News reports of the Lekan Shonde case, perhaps unintentionally, kept hitting on the fact that the deceased was repeatedly accused of infidelity by her killer throughout their marriage. He was, however, the only one of the couple to have an alleged child out of wedlock, a possible byblow of his infidelity that was never confirmed. Before her death, his wife had been aware of this. She didn’t murder him for it.
The problem is men
My cis-heterosexual friends are adamant about not taking responsibility for something they said they have not partaken in. “I don’t get hailed for the successes of men over the years, why will I be made to feel guilty over the wrongs of the same?” I agree and disagree.
Throughout the same conversation, these men had proclaimed the rightness of men’s place ahead of women in society because “Men toil to provide for women.” Not one of them is in a position to provide for a pet parakeet, but they glory is this statement they take as canon.
We have seen stories of sexual violence against women by uncles, pastors, imams, fathers, brothers, really every iteration of human relationships a woman could have.
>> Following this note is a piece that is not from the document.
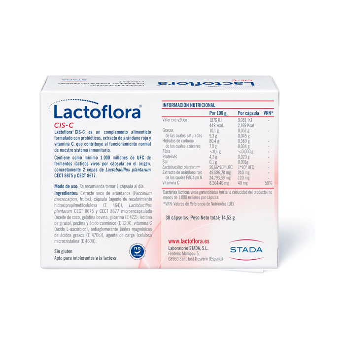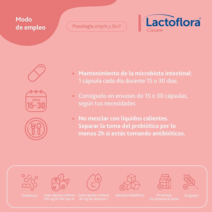 Tomar 1 cápsula al día de Lactoflora Cis-C 30 Cápsulas durante 15 días o 30 días.

It is the rough and weather-beaten man on the streets, it is the svelte-dressed executive in a padded office in a high-rise in Lekki, it is the potbellied politician in his starched agbada, it is also the half-formed teenager of 17 in his favourite footballer’s jersey bantering with his friends. It is all men because the language men use to talk about their relationship with women is one that demeans while it objectifies.
“You sef, if you see that girl you know she set die, you can just tell she is good in bed,” my cis-heterosexual acquaintance said about our other acquaintance’s new friend. He said “you sef,” because he believed the caveat is necessary since I’m a gay man. He hasn’t had even a one-liner exchange with the said girl but his mind is wrapped around her vagina.
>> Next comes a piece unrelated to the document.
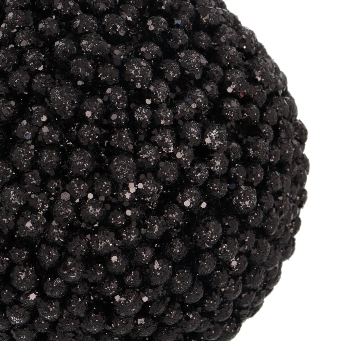 Dekorative Weihnachtskugel mit Dekoperlen. Diese Christbaumkugel ist Schwarz, 8 cm groß und aus Kunststoff hergestellt. Mit ihrem Glanz und besonderem Design setzt sie einen starken Akzent am Tannenbaum und in der Weihnachtsdeko.

That is far from an uncommon perception of women by men.
When we say all men …
‘Good guys’ in the context of a society like Nigeria that has normalised the dehumanisation of women are just men who know what to say in different spaces.
In the company of their fellow men who recount the story of how they pestered a particular woman till she gave in to their sexual demands, they guffaw and hail their bros for having game. They also hold beliefs on the natural superiority of men over women because, “Men are biologically built different, stronger and with more innate aggression,” my cis-heterosexual acquaintance argued.
In the company of women – most of whom they hope to sleep with someday, they interact with a cordial sweetness underneath which lies a cold calculation of when the sex will drop and if it won’t what the best exit strategy is and when it can be deployed.
They may not rape or kill anyone, but in sitting comfortably in conversations that paint women as irrational, weaker, greedy and tempting, they make it okay for the men who will.
Great fathers can rape their secretary at work and return home to a hearty dinner with their daughters with no sense of irony or make their femicidal friends comfortable in their criminal intents with the language of loathing they use to describe ‘skimpily dressed harlots.’
Until men make men’s space uncomfortable for harmful discussions about women. Until men begin to see women as equal humans no less smart, strong and deserving of dignity, the Uduak Akpans of the world will only continue to spread their evil.